Il convient de rappeler qu'il peut y avoir des cas où il existe d'autres alternatives à l'émission de l'ordonnance, ce qui portent moins atteinte à l'autonomie du suspect, et si le suspect y consent, le tribunal devra le faire,
En règle générale, ils doivent être préférés à l'émission d'un ordre. Ainsi, par exemple, dans les cas où les éléments demandés sont des documents relatifs à des transactions sur les comptes bancaires d'une personne que la banque refuse de fournir sans le consentement du titulaire du compte. Si le titulaire du compte accepte de signer un consentement pour que la banque fournisse directement les informations à la police, cette méthode sera préférable à la manière d'émettre une ordonnance de remise des documents.
Nous n'avons mentionné ci-dessus que quelques-unes des considérations que la cour peut accorder en considération lorsqu'il s'agit d'examiner s'il faut émettre une ordonnance en vertu de l'article 43. Dans notre propre cas, il n'y avait aucun doute sur le fait que les ordonnances ont été rendues légalement, et que l'exercice de la discrétion pour accorder l'ordonnance de produire les documents en vertu des deux ordonnances était également correct. Passons donc à l'examen des deux questions que nous avons soulevées ci-dessus, et d'abord à l'interprétation de « en sa possession » à l'article 43.
« En sa possession ou en sa possession »
- Article 43 stipule qu'une personne peut être commandée d'inventer un objet qui Selon cette hypothèse, il a été trouvé « en sa possession ou possession ». La question en litige est de savoir si une personne – témoin ou suspect – est tenue de retracer les documents qui lui sont sous son contrôle – même s'ils ne sont pas en sa possession immédiate – et qu'elle a été ordonnée de remettre par ordre Article 43 et pour les produire, ou peut-être que l'obligation qui lui revient est de remettre uniquement des objets qui sont en sa possession physique, comme ceux trouvés sur son corps ou dans ses cours. Cette question ne concerne pas la question du droit acquis au silence pour un suspect exigé par une ordonnance de résidence-Une phrase pour inventer un objet ou le présenter, y compris des documents. Sur cette question, nous avons décidé dans le-La première loi [1], dans laquelle nous avons déterminé que le droit de garder le silence ne s'applique pas à la remise ou à la présentation de documents-La loi ordonne à un suspect d'inventer. Ce que le suspect s'apprête à soupçonner dans un tel cas, c'est la confidentialité contre l'auto-incrimination. Dans notre cas, l'appelant a informé que les documents demandés dans les deux ordonnances ne l'incriminent pas. Le différend qui subsiste entre les parties ne concerne que l'étendue du devoir imposé à une personne, suspecte ou témoin, lorsqu'elle est ordonnée de-Phi Article 43 pour fournir des documents. Cette question doit être examinée sur la base de l'hypothèse qu'une ordonnance en vertu de l'article peut être adressée à toute personne, qu'elle soit suspecte ou dont le statut soit celui d'un simple témoin. La seule différence est que, dans le cas d'un suspect, l'ordonnance inclura également d'autres dispositions de la loi visant à protéger les droits du suspect.

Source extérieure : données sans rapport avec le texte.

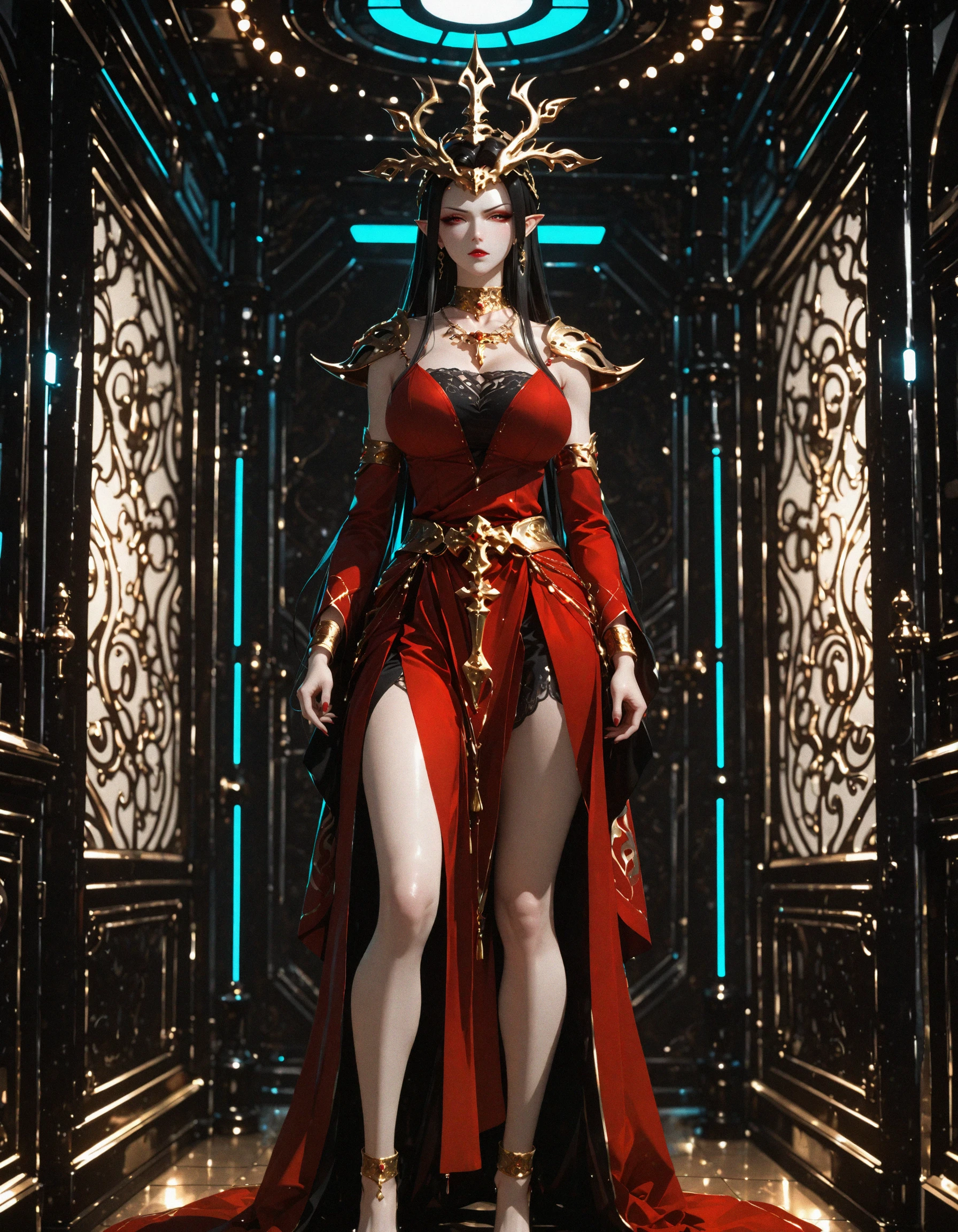 cai lin medusa, queen medusa, ceremonial gown, CGI, 3D render, crown, ornate jewelry, thigh-high slit, red dress, 1girl, dress, solo, ???? legs, black hair, full body, long hair, hair ornament, jewelry, pointy ears, phoenix motif, ornate headdress, intricate patterns, gold accessory, gold accents, pauldrons, xianxia style, gold filigree crown, arm cape, anklet, snake earrings,

- À mon avis, le langage de Article 43, son objectif et son historique législatif montrent qu'il doit être vu en termes de "En sa possession ou en sa possession" Elle s'applique aussi aux objets que le destinataire de l'ordre a le pouvoir et le contrôle de les inventer. Cela fait référence aux objets auxquels il a accès ou qui sont entre les mains d'une personne en son nom, et en tout cas, que-Selon ses souhaits, il peut venir les garder.